The research tells us that birth parents really welcome concurrency planning and that prospective adopters really value this approach too. They value the chance to get to know the birth parents. That relationship allows them to carry the story of the child, so that when the child is older, they are able to say: 'I knew your mum, and she said she cared about you', which is a gap we often see at the moment.
And it reduces to zero the number of placement moves the child experiences; from day one the child is building the attachment relationship with potential adopters.
There are knock-on effects, too, according to research in England. Even where parents haven’t had their children returned to their care, they want children to remain with the concurrency carers because they know them and have had the chance to build a positive relationship with them.

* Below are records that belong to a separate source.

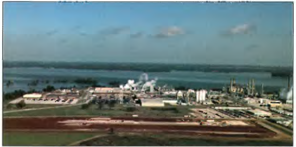
There are numerous industries along the main stem of the Tennessee River in northern Alabama. These industries manufacture and produce a variety of products, such as missiles and rockets, electronics, pulp and paper, synthetic fiber, terephthalic acid, alkalis, chlorine, steering gears, polyester film, refrigerators, aluminum, and nickel-plated foam.

The mean annual discharge at the outlet of the Tennessee River near Paducah, Kentucky, is 65,600 cubic feet per second ( \text{ft}^3/\text{s} ). The mean annual discharge of the Tennessee River at the upstream boundary of the study unit at Chattanooga, Tennessee, is 35,900 \text{ft}^3/\text{s} , thus the lower Tennessee River Basin contributes about 29,700 \text{ft}^3/\text{s} on an annual basis. The two largest basins in the study unit are the Duck River Basin, draining 2,700 \text{mi}^2 , and the Elk River Basin, draining 2,250 \text{mi}^2 . The combined mean annual discharge of the Duck and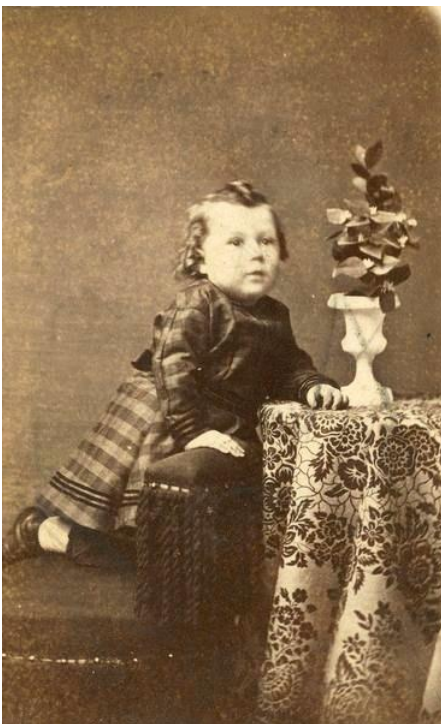
Frank Lincoln Wright, age 3.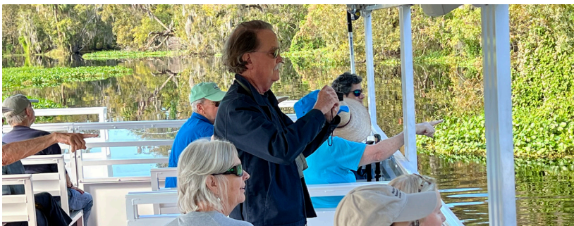
Eco-Heritage Boat Tour in the Middle Basin, November 10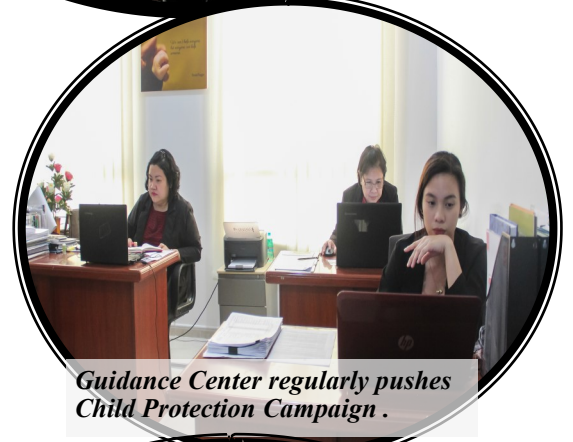
Guidance Center regularly pushes Child Protection Campaign.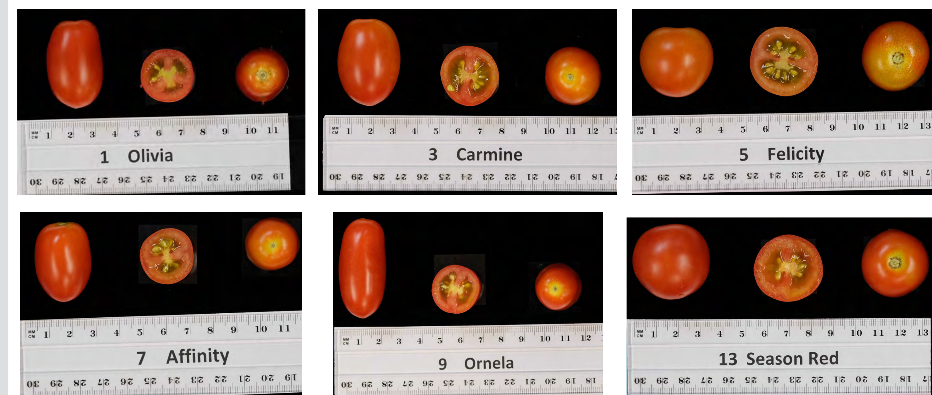
Figure 5: Varieties selected by producers for suitability on Guam during wet-season, compared to ' Season Red '.

*Samples confirmed to have AYVV based on Real-time PCR analysis.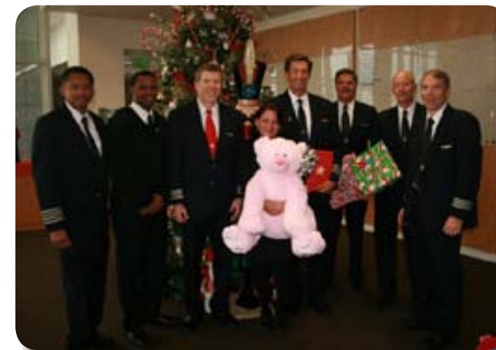
PFK volunteers prepare to deliver gifts to children at the City of Hope Hospital in Duarte, California on December 15, 2010 as part of their holiday tradition.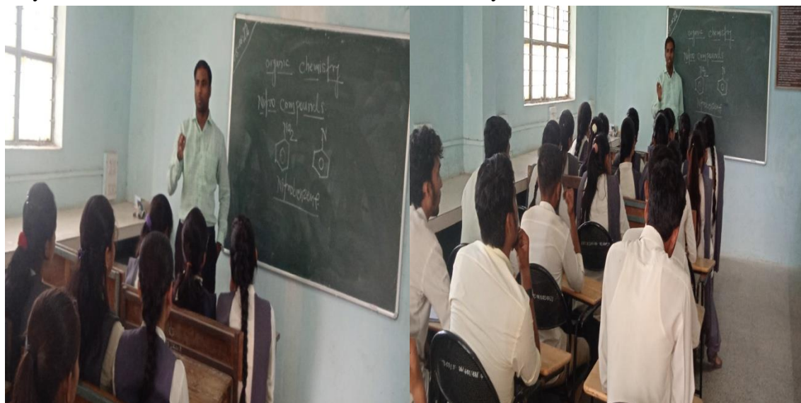
Head P. G. Department of Chemistry Jijamata Mahavidyalaya, Buldhana.

Outputs: Guest lecture provide students with alternative perspectives, opinions, and personal experiences that can reinforce the teachings of the instructor. The guest lecture may have stories or anecdotes other than those used by the instructor.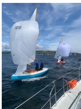
Tik Hai and Pied Piper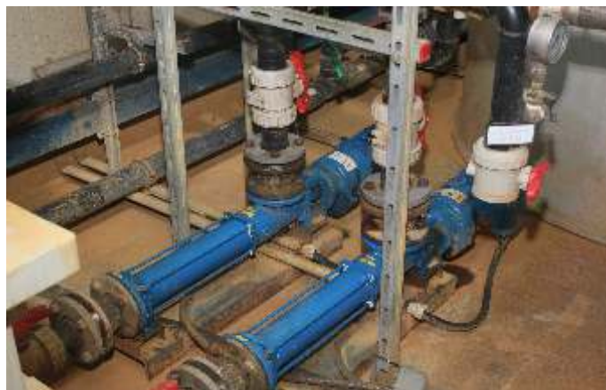
The two ALL-OPTIFLOW® pumps that pump groundwater within the barrier.

Since 1998, a barrier outside of the landfill captures contaminated liquids that have already left the site. Well pumps move these liquids to the groundwater processing facility. The treated water then flows into the Elbe.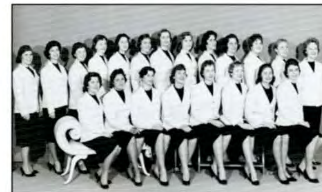
Beta Omega Chi, '59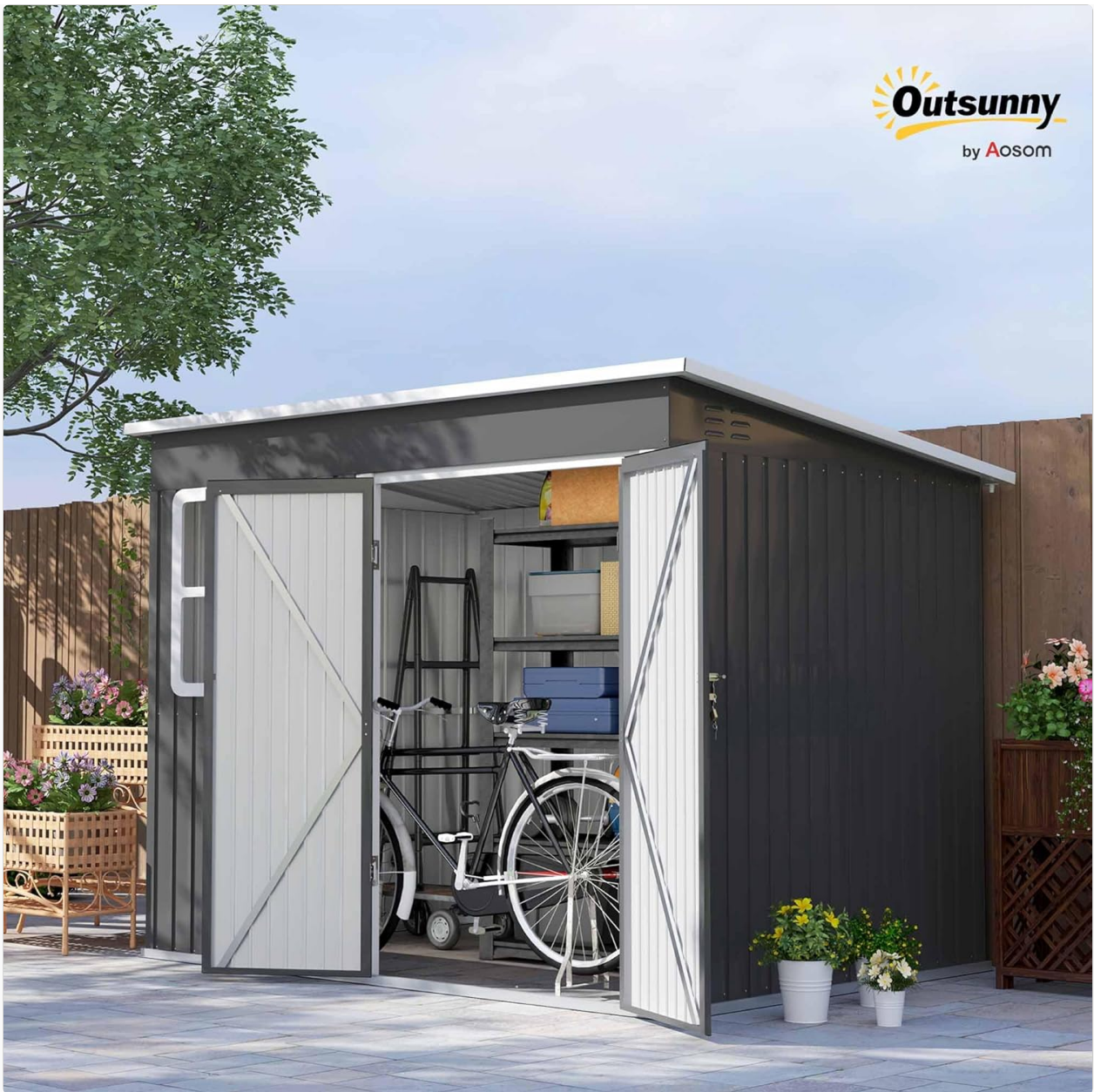
Image 1.2: The shed with its wide double doors open, demonstrating ample space for storing items like a bicycle and shelving units.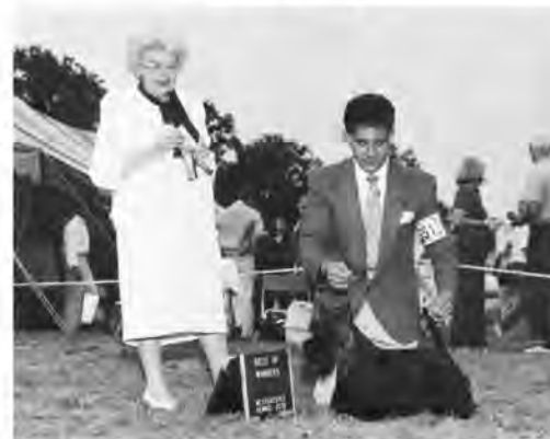
Ch. Anstamm All American x Mirriemoor Seaside Fantasy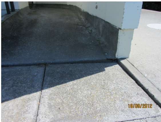
Photo 7: Entrance to mens toilet also showing difference in levels between entrance and pavement.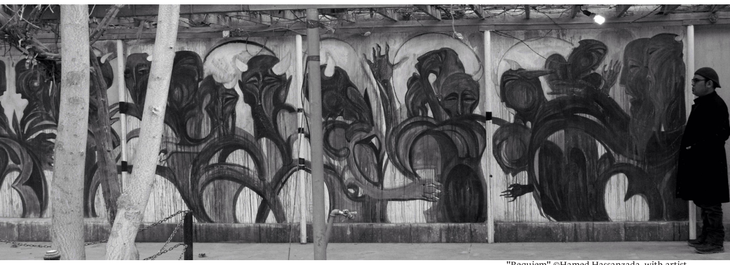
"Requiem", with artist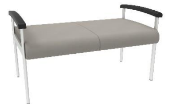
Vista II Series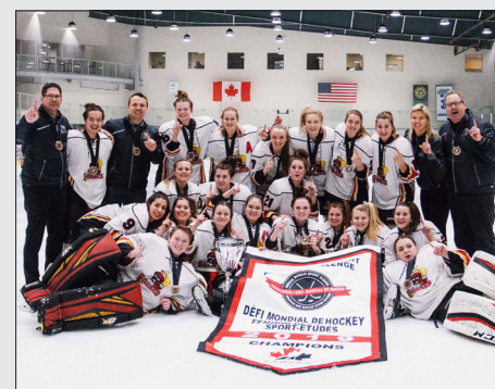
2019 FWSSC Gold Medal Champions Lloydminster PWM Steelers, Lloydminster, AB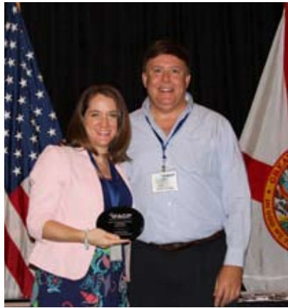
$1 Million+ Lakeland Area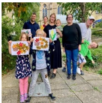
Showing our work!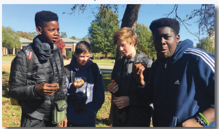
Students sample persimmons, a favorite coyote food, on the Berry College campus during a session hosted by Atlanta Coyote Project.

also partnered with Gardens for Growing Community, a local organization that supports nature-based learning for grades K-12 that has supported and facilitated the participation of several students of color from parts of Gwinnett. Often with limited opportunities to get outside and explore, these students light up when they peer through binoculars at their first Eastern Bluebird or visit the zoo for the first time. In addition, several motivated students apply for the program after learning about it on our website or social media. Combined with students from the Buckhead/North Atlanta community where our office is located, our Atlanta Urban Ecologists represent a wide spectrum of backgrounds and perspectives, but they all graduate from the program with a greater awareness of the amazing biodiversity right outside their doors, as well as of the opportunities for them in the field of conservation.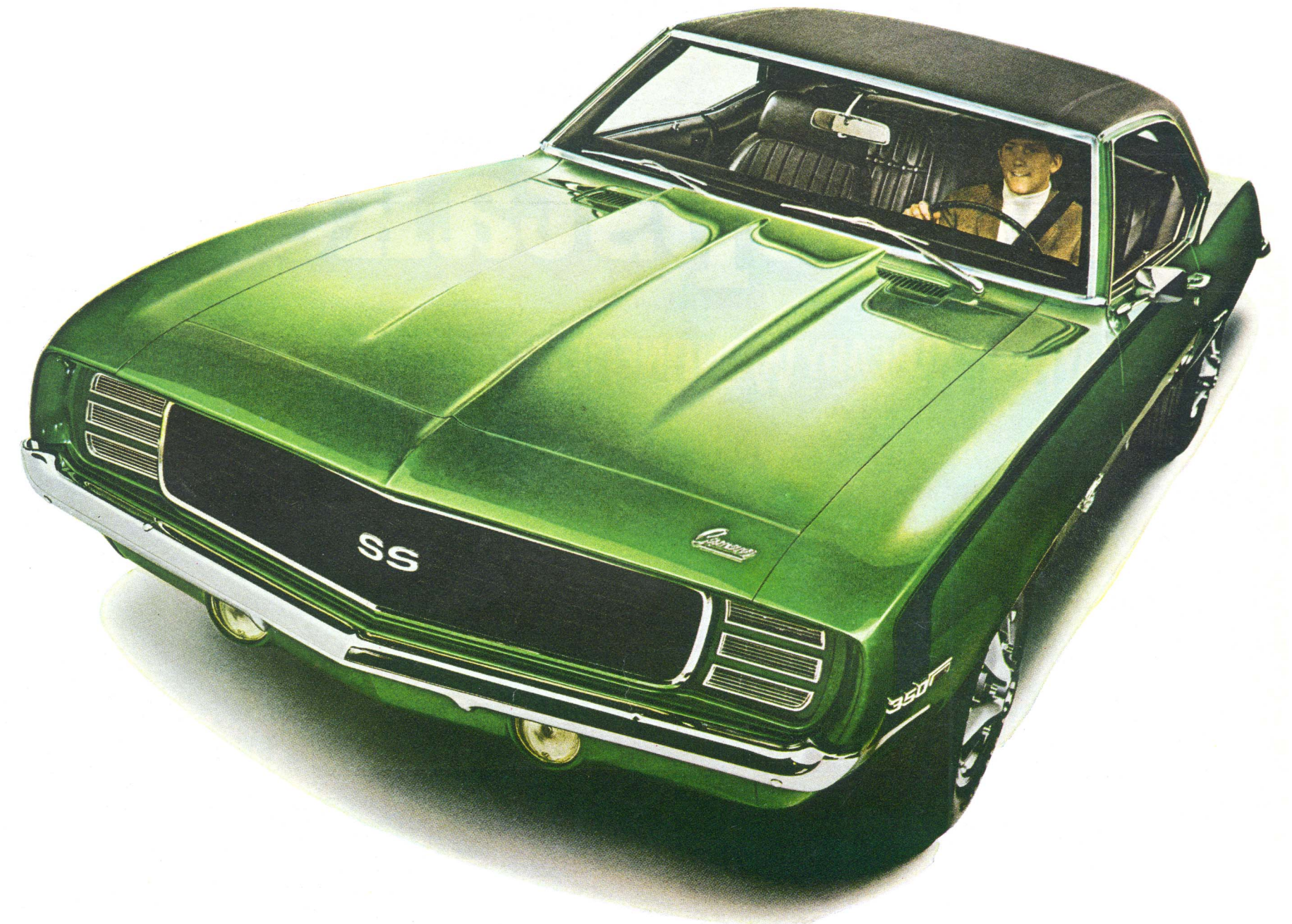
Camaro SS Sport Coupe with Rally Sport equipment and Super Scoop hood.

The birth parents also often go on to have fewer children, because in the period of time-limited intensive assessment, they receive effective support to deal with their trauma and to look at their own parenting issues.
What are the obstacles?
I am working hard to promote the model, and there is clear evidence that it can be hugely beneficial, but only one local authority in Scotland has bought into it completely so far. This local authority is hoping to secure its first formal concurrency placement soon. Others have focused on rapid assessments of birth parents or finding dual-role adopters/fosterers, but not taken on the model in its entirety. So what are the obstacles to concurrency planning?
There is the idea, not supported by research, that people think you are in some way pre-empting the decision of the court by placing children with people who want to adopt them - that it’s almost a foregone conclusion.
But in fact, the opposite is true, because it’s an incredibly transparent process. Birth parents have to agree to it, and because the focus is actually on getting children home, they can see that it is absolutely not a foregone conclusion.
There’s also the potential problem that social work staff don’t want to upset pregnant women by having that difficult conversation about the process of adoption if children don’t return to their care. However, this has to be done to ensure the best long-term outcomes for children.
People who recruit carers often don’t believe that there are people out there who really want to adopt a baby, but would also be prepared to support their return back to their birth parents’ care. But research says that’s not a problem. We have a third-sector adoption agency on the east coast that is now doing concurrency planning and it doesn’t have a problem recruiting prospective concurrency carers. The main ingredient for success is a belief in concurrency planning, and the recognition of the benefits for children.
The time-limited assessment is key
If the assessment fails, it will derail concurrency planning. The opportunity for concurrent carers to have a baby placed with them and, if they are adopted, for them to adopted within a year is very attractive because it means there is no long drawn-out court process threatening to disrupt the placement, as there can be even in conventional adoption.
And of course, one argument that can help persuade local authorities to try concurrency planning is that reducing the number of children who are looked after and accommodated over the longer term, as concurrency planning does, actually costs less.
Next steps? It’s about trying to create a guiding coalition of senior leaders who get it and are willing to buy into it: It’s a lot of work - and system change within big local authorities is hard - but it’s worth it.